ViewPager controls often take up the entire screen, but this need not be the case. For this example, we will display five different layout “pages”, thus we call our ViewPager control by a unique identifier labeled myfivepanelpager.


Step 3: Create Page Layout Resources

Next, you’ll want to create a set of resources that will make up the “pages” or “panes” for horizontal swiping. You can use the same layout resource file for each page and add different content, or you can load completely different layout resources for the individual pages. For this example, we created five separate layout resource files, called farleft.xml, left.xml, middle.xml, right.xml, and farright.xml. Each layout resource has different contents to display. The contents of each layout resource are up to you. You can use static or dynamic controls. To keep this example simple, we’ll stick with static controls like TextView and ImageView controls. For the far left and far right pages, we’ll include some Button controls.

This image shows the five different layout resource file results:

Five different layout screens to page between

There is nothing special about the implementation of these layout files. Don’t forget to implement any Button onClick handlers in your Activity class. These layout resources will be loaded by the PagerAdapter at runtime for display on the screen.
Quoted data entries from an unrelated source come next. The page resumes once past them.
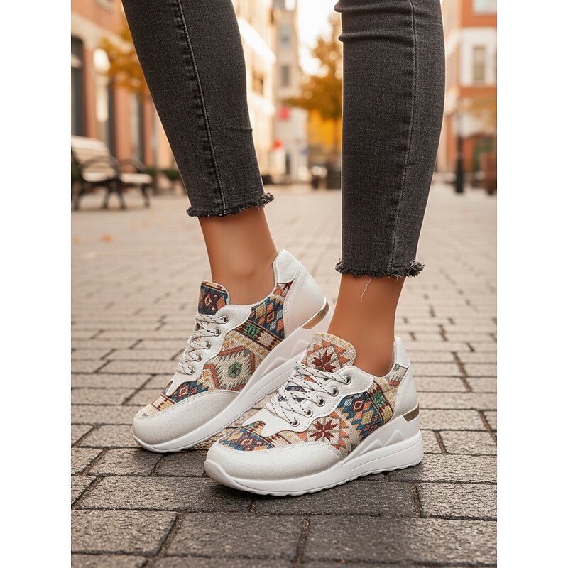 More information about Women's Gold Wedge Sneakers – Lace-Up Platform Trainers with Ethnic Print for Casual Streetwear and Weekend Travel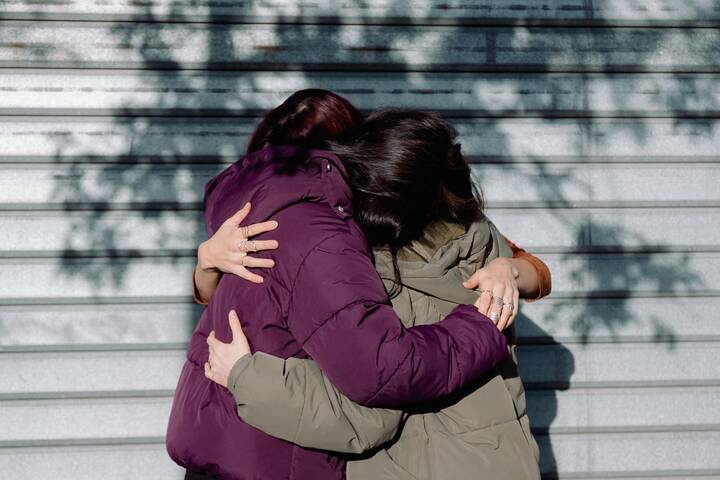 Negar, Samane et Narges s’enlaçant pendant les manifestations en Iran, Marseille, début 2023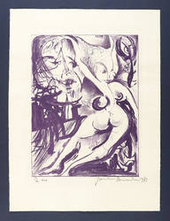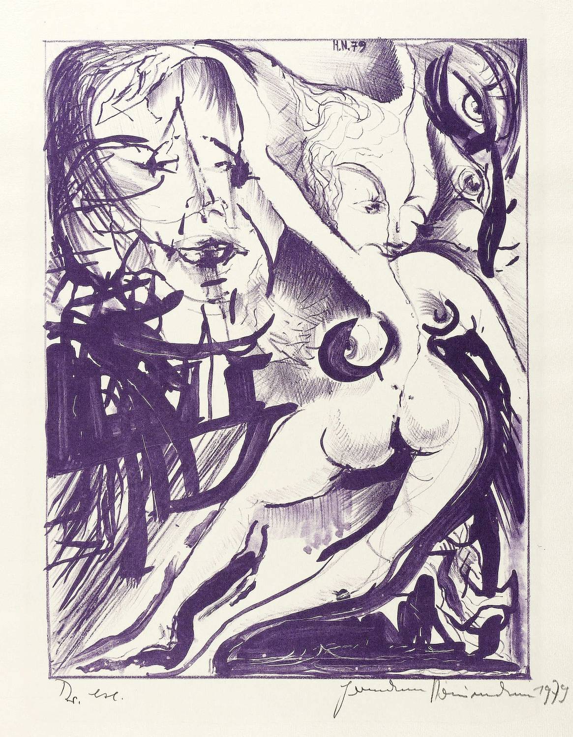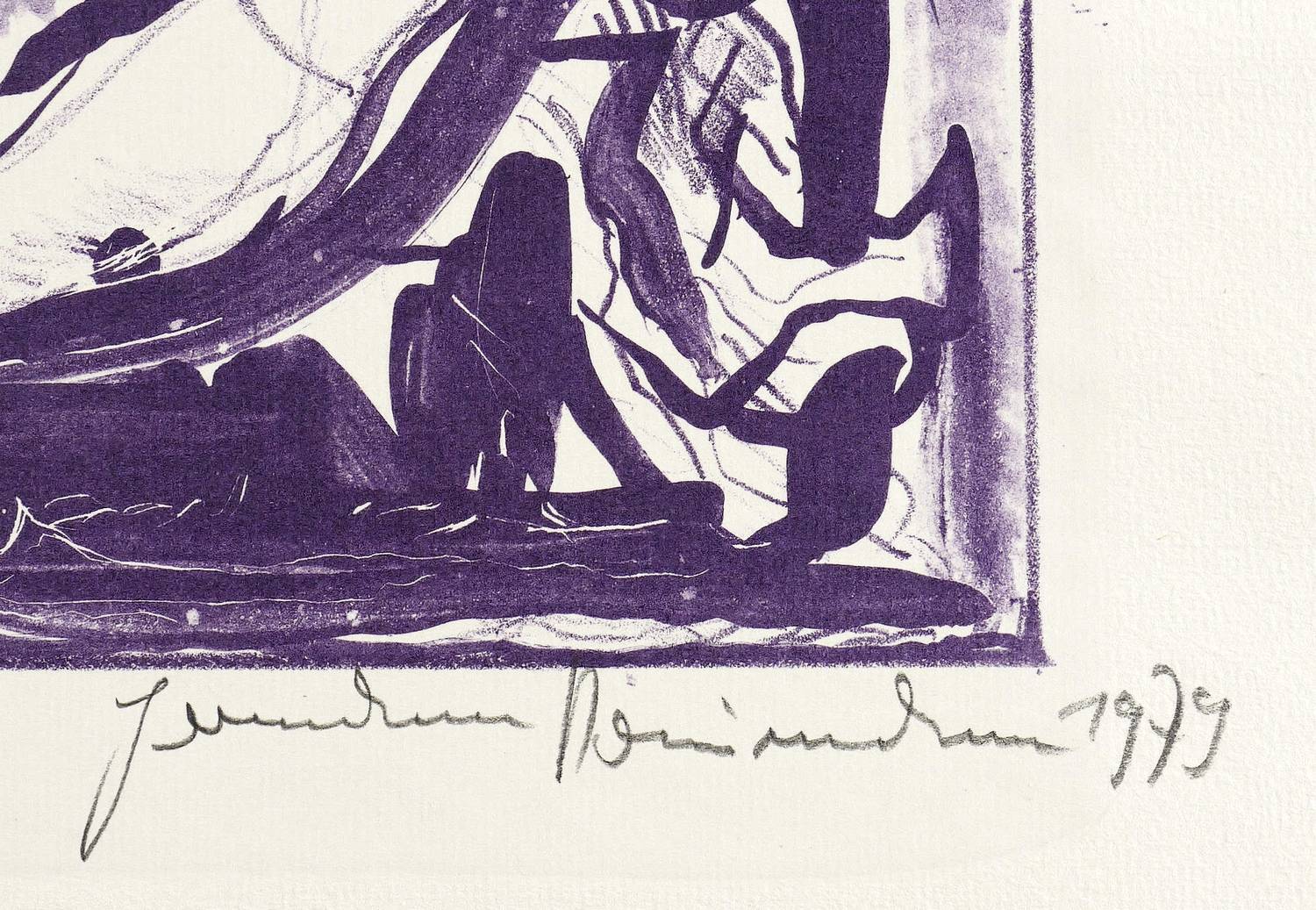 1979. Lithografie / Pinsel- & Kreidelithografie, in Schwarzviolett, auf feinem hellchamois Büttenpapier. – Von Hermann Naumann. – Druckerexemplar. – 36,8 x 27,7 cm (Darstellung / Einfassungslinie), 52,5 x 39,5 cm (Blatt).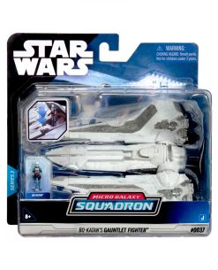 Une a los clanes de Mandalore con el Gauntlet Starfighter de STAR WARS Micro Galaxy Squadron Bo-Katan. Con detalles increíbles y escalas auténticas, este vehículo de 5" pulgadas (12 cm) está basado en el caza de transporte que Bo-Katan Kryze voló en su búsqueda para recuperar el DARKSABER.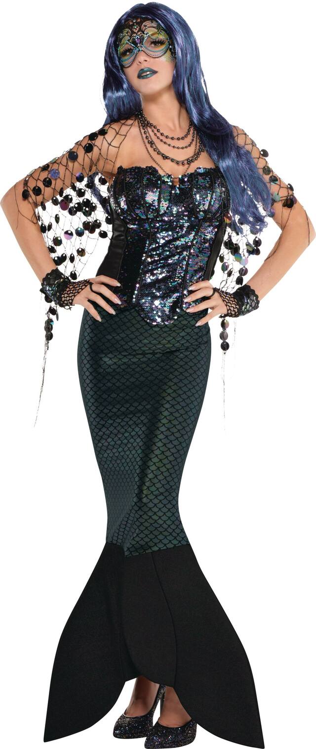 You may be interested in these similar products shown below.Adult Sea Siren Mermaid Corset is a polyester and spandex corset that features oil slick sequins and black lining to give off a shell-like look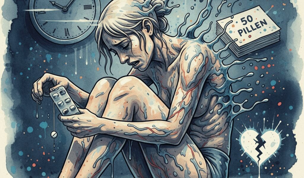 - Die Risiken (Missbrauch & Überdosis): Doxepin hat ein eigenes Abhängigkeitspotenzial. Viel gefährlicher: Eine Überdosis (wie in meiner Geschichte mit 50 Pillen) ist hochgradig lebensgefährlich. Trizyklische Antidepressiva sind kardiotoxisch (giftig für das Herz) und können schnell zu tödlichen Herzrhythmusstörungen und Koma führen.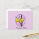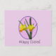 Gult- daffodils bildas framför ovala "fönster" med lila trim. Bakgrund i ljuslavender, insida i en mörkare skugga. Texten under texten lyder "Glad påsk!" och kan anpassas.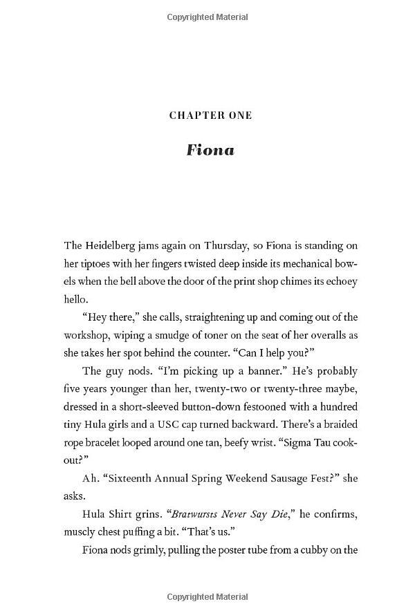 Against her better judgment, Fiona agrees to have lunch with Sam. What happens next takes them both by surprise. Sam is enthralled by Fiona’s take-no-prisoners attitude, and Fiona discovers a lovable goofball behind Sam’s close-up-ready face. Long drives to the beach, late nights at dive bars . . . theirs is the kind of kitschy romance Hollywood sells. But just like in the rom-coms Fiona despises, there’s a twist that threatens her new love. Sam doesn’t know the full story behind her breakdown. What happens when she reveals the truth?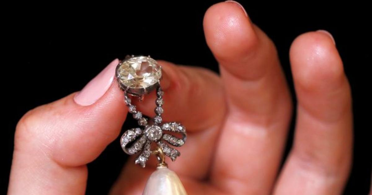 A pearl and diamond pendant owned by Marie Antoinette before she was beheaded during the French Revolution sold for $36 million (Rs 259 crore) at the auction. The pendant featuring an oval diamond and drop-shaped pearl set a new record price for a pearl jewel sold at auction. "Marie Antoinette's pendant is simply irreplaceable and the price it fetched is about far more than the gem itself," Eddie LeVian, the chief executive of jewellers Le Vian, said in a statement. Photograph: Denis Balibouse/Reuters

For implementation details, see the source code that accompanies this project.


Step 4: Implement a Custom PagerAdapter

Your ViewPager needs a data adapter to determine and load the appropriate content for each page the user swipes to. We have named our layout resource file “pages” in the order we want them to display, from far left to far right.

When you extend the PagerAdapter class, you’ll need to implement several key methods.

First, you’ll need to define the size of your paging range. In this case, we have a set of five pages to display. Therefore, you’ll want the getCount() method of the MyPagerAdapter class to return a page size of 5.

Next, you need to implement the instantiateItem() method to inflate the appropriate layout resource file, depending on the user’s swipe position. The farthest page to the left is in position 0, the next page to the right is position 1, and so on. The instantiateItem() method uses the LayoutInflater service to inflate the specific layout and add it to the collection used by the ViewPager.

This image shows the five different layout resource files and their “positions” in the terms of paging order:

Five screens in 'paging' order

The last important method you need to implement is the destroyItem() method, which removes the specific layout from the collection used by the ViewPager when it is no longer being displayed.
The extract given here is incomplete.